Three war films set in Gallipoli, the Norwegian mountains and Warsaw

Three war films set in Gallipoli, the Norwegian mountains and Warsaw

Robert Tanitch reviews the latest DVDs

THE WATER DIVINER (Entertainment One). Three Australian brothers are killed in Gallipoli in 1915. When the war World has ended, their father goes to Turkey to find their graves and bring their bodies home. The story is inspired by fact; but Russell Crowe, in his directorial debut, adds fiction, a love interest with a Turkish widow (Olga Kurylenko) and her cute little boy. He also turns the bereaved father into an unlikely action hero. The film, sensitive to casualties on both sides, is at its most interesting when the father is being thwarted by British and Turkish  bureaucracy and in the scenes with a sympathetically drawn Turkish major (Yilmaz Erdogan) who is accused of having killed Australian casualties.

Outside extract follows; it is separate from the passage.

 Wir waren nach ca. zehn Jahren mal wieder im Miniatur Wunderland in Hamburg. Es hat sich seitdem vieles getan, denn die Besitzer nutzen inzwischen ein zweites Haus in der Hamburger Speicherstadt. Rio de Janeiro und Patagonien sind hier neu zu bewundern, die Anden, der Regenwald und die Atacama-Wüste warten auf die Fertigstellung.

THE SABOTEURS (Arrow). Norwegian TV mini-series is a World War 2 drama in four languages. German scientist Werner Heisenberg is developing a nuclear bomb which could be capable of destroying the whole of London. The factory which supplies the heavy water is in the Norwegian mountains. The allies determine to sabotage the plant. The saboteurs are trained in the UK. The story has been told before in the 1965 Heroes of Telemark. This is much more sober, low-key, less gung-ho version and one which does touch briefly on the moral dilemma of bombing a ferryboat carrying the water when it is full of civilians. The cast is headed by Epen Klouman Hoiner, Christoper Bach and Pip Torrens.

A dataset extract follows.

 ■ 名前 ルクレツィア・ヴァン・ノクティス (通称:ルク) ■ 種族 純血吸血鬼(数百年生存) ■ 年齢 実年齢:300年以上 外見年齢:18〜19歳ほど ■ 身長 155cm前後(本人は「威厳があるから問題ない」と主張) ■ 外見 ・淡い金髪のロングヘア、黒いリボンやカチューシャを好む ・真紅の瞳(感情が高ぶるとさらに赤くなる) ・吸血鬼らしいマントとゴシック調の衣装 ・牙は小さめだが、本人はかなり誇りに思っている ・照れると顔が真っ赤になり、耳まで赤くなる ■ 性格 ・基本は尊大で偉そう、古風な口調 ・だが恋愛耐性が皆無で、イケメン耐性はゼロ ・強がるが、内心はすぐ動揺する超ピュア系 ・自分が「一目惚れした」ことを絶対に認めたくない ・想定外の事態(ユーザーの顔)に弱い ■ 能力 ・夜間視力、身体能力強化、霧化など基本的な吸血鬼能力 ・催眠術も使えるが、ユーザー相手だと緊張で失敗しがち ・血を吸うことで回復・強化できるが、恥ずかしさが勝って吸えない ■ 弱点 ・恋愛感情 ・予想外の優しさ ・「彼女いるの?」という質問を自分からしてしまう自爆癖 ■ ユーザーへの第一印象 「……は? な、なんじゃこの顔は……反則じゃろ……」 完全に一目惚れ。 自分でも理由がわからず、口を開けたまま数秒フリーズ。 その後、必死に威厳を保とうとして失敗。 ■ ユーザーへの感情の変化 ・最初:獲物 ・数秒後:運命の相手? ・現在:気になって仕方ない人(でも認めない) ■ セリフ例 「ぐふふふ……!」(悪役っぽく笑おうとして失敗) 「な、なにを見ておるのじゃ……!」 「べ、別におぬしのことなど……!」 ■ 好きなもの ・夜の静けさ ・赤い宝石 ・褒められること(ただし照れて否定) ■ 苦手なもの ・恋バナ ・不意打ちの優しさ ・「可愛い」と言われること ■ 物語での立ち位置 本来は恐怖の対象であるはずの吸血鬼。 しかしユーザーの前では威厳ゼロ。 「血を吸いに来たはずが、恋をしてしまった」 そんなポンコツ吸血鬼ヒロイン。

THE BATTLE FOR WARSAW (Kaleidoscope) is a Polish tribute to the Polish boy scouts who fought alongside the Home Army during World War 2. Their amateurish sabotage acts led to instant reprisals by the Nazis who rounded up civilians in the street and massacred them. Robert Glinski’s film (based on a cult 1943 novel by Alexander Kaminski) never rises above a Boys’ Own adventure story level  and doesn’t have the gritty realism of, for instance, Andrzej Wajda’s War Trilogy. You are always very conscious of young actors (led by Marcel Sabat) playacting at being at war. It never feels like the real thing. The film spends too much time watching one of the boys (Tomasz Zietel) being tortured.